Justice for Chris Kaba demo

By Sophia Purdy-Moore for The Canary

On Monday 5 September, a Metropolitan Police officer shot and killed Chris Kaba in Streatham, south London. Following pressure from his bereaved family, the Independent Office for Police Conduct (IOPC) has launched a homicide investigation into Chris’ death. Thousands of protesters marched through Westminster in solidarity with Chris’ family on Saturday 10 September. While bystanders left flowers and marmalade sandwiches at the gilded gates of Buckingham Palace, the devastating laments of Chris’ mother rang through the streets. This is what a ‘period of mourning’ looks like for families bereaved by state violence.

Overshadowed by the queen

The queen’s death has overshadowed this moment of national importance. The queen died peacefully at one of her homes, surrounded by her family at the age of 96. Meanwhile, 24-year-old Chris Kaba died violently, alone, and afraid while surrounded by armed police.

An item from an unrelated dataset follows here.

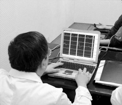 如何利用多参量心理测试仪进行测谎呢?杨教授介绍,测试人员根据所要调查的问题或案件,事先设定好一系列问题,再逐一向被测人提问,要求被测人只回答一个字:“是”或“不”,或者缄默。如:你杀害了王五吗?是你偷走了密码箱吗?你以前做过假账吗?你过去想过偷别人的东西吗?所问的每个问题对被测人心理都是一个刺激,从而通过植物神经系统触发他的生理反应,引起生理参数的变化;多参量心理测试仪则以图谱的形式记录这些生理参数变化,进行分析,判断被测人回答问题时的心理状态,对这个问题的回答是“诚实”还是“说谎”,从而得出被测人与所调查问题或案件有无关系的结论。

Having spent her life as a representative of colonial violence and exploitation, the head of state used her final months to ensure that her predatory son Prince Andrew evades accountability and to grant royal assent to a series of draconian laws. The state is now enforcing an all-encompassing ‘mourning period‘ for the queen. This includes the cancellation of subjects’ hospital appointments and funerals, and wall-to-wall coverage relating to the upcoming, multi-million pound publicly funded funeral. This is taking precedence over the ongoing national and global crises which impact everyday people’s lives.

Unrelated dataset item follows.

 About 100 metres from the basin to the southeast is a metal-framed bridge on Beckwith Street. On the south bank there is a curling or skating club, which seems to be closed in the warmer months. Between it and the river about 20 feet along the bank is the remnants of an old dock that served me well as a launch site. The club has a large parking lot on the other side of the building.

Meanwhile, those who knew Chris can’t properly mourn their loss of a beloved son, fiancé, cousin, friend, neighbour, and soon to be father. They are too busy demanding answers. His family didn’t even know that police had killed him until 11 hours after the incident.

No ‘mourning period’ for this bereaved family

Instead of processing their trauma, Chris’ loved ones had to jump into action to demand an investigation into his death. While overcome with grief, they launched a grassroots campaign and rallied the community. They quickly organised a huge protest (which Sky News incorrectly reported to be a procession in the queen’s memory).

This bereaved family had to exert pressure on the Met to suspend Chris’ killer. They had to demand a timeframe for the Independent Office for Police Conduct (IOPC) investigation, and exert pressure to access the footage of Chris’ violent death.

This is often the case for families bereaved due to state violence. Reflecting on the state’s “culture of delay, denial and defensiveness”, INQUEST director Deborah Coles told Justice for Chris Kaba protesters:

yet again, it’s families who have to force the organisations responsible to tell the truth. […] Without the families, legal support, the political and community support that has been shown, this homicide investigation would not have been started.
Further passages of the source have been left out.